Long = up / Medium term = neutral / Intermediate term = Down / Short term = neutral
Let's start with Gold and the long term chart analysis; what it tells us about the three time frames; long, medium, and intermediate term.
We are always being bombarded with analysis that says "long term, medium term, short term," these being the three time frames most followed. There is a fourth intermediate term that appears on the weekly charts. Short term is best left to daily charts. If you don't know what time frame you're in, how do you know when to buy long term? Or short term? If you're a long term investor and you're not buying at the low end of the long term range, you're probably paying too much for your purchase. Put it this way, you're not getting it where the most likely low price point is going to occur. It is paramount to success that you know what time frame price is reflecting, and more important, to know what time frame your investment style best suits you. The reason you might not be doing as well as you should is that your trading in the wrong time frame resulting in entry's in the market that are not optimal. Read on, here's what we mean.

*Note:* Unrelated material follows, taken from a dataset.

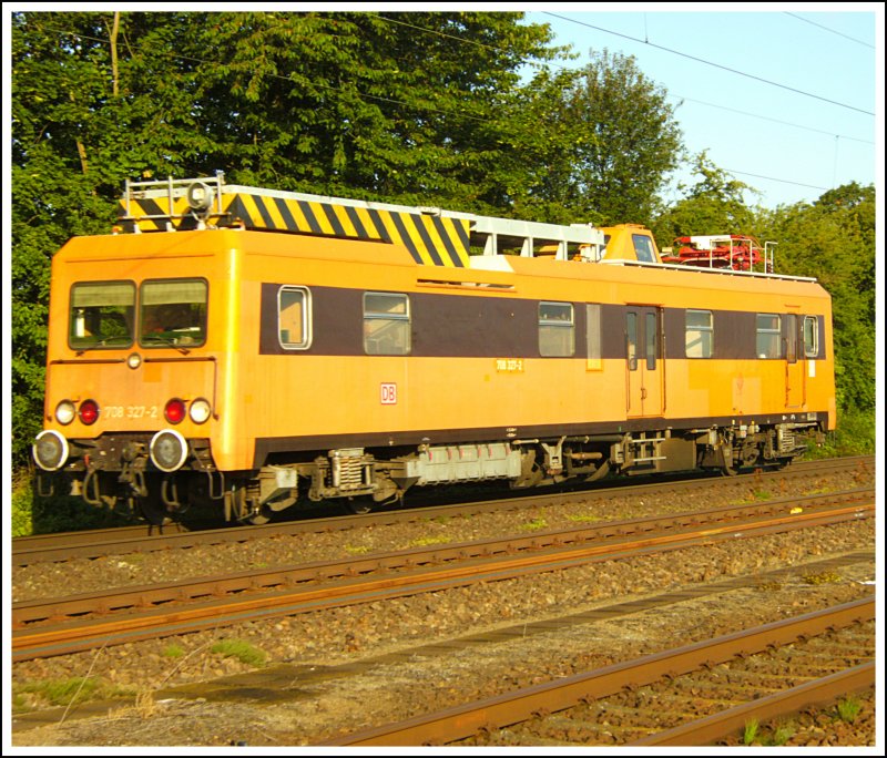 Hier ein Oberleitungsmessfahrzeug (708) das in Mangolding am 07.07.2009 um ca. 06:10 halt erwarten musste.

This will give you a good overview of how we separate long, medium and intermediate term price action.
One of the biggest reasons we as investors can't see the forest for the tree's is that price is active on about five or six different time frames and we are forever getting them mixed up or not considered them when we invest.
A great example we can give so you might understand is this. See if that rings a bell, recalling a trade like this. When you buy a stock or a futures contract due to your convictions for a long or medium term move you buy it with a plan to hold it for a while.
Has this ever happened to you?
You find yourself within a week (sometimes only one day LOL) of having bought a long term position, that you're already selling and closing the trade. Your purchase was either too big or too leveraged or you're not really a long term investor (long term investors don't sell out in a week). You weren't really wearing your long term "view" when you made the purchase. If you did, you used short term parameters to exit. There is no other reason for selling out the position so soon. Right ? The only one we can think of that would be valid is an emergency happens and you needed the money and had no choice but to liquidate. You must know the price ranges that separate the long, medium and intermediate term zones. Only then can you really invest where long term price ranges exist. Here's what we mean.
The chart below is divided into three channel's of price. Each channel gives a price range deviation that measures the total range of price combined with velocity (momentum or slope of the price advance). Thus we have the long, medium and intermediate term trends.
The Red Channel line is a Long Term Channel from 1993 and is the smallest long term channel but the one that provides the price action we are most concerned with. Though you can't see the beginning of the line, it is measured from an important price cross. It's validity was confirmed during 2009 and most of 2010. There you see how price spent almost a full year trading at or just below that long term Red Line. It's validity is further strengthened buy the big move up once price broke above that channel.
The next channel on the chart is the Main Channel. This channel line is taken from 2001/2002 lows and covers this new 21st century gold bull market's original price range and momentum for the first 8 years of the bull market. At the end of 2010 and 2011 price broke above the main channel line and toyed with the red channel line for a year. Note how the EXACT BREAKOUT IN PRICE was when the third Time frame (intermediate) lower green line met with the main channel line, and both of those met up with the long term red line. This at the SAME POINT TIME that price was there also. This is where PRICE AND TIME meet. The result was a long term BREAKOUT of significant force. On this chart we call this final time frame the MOMENTUM channel instead of intermediate. Due to its time length, its actually now a medium term channel.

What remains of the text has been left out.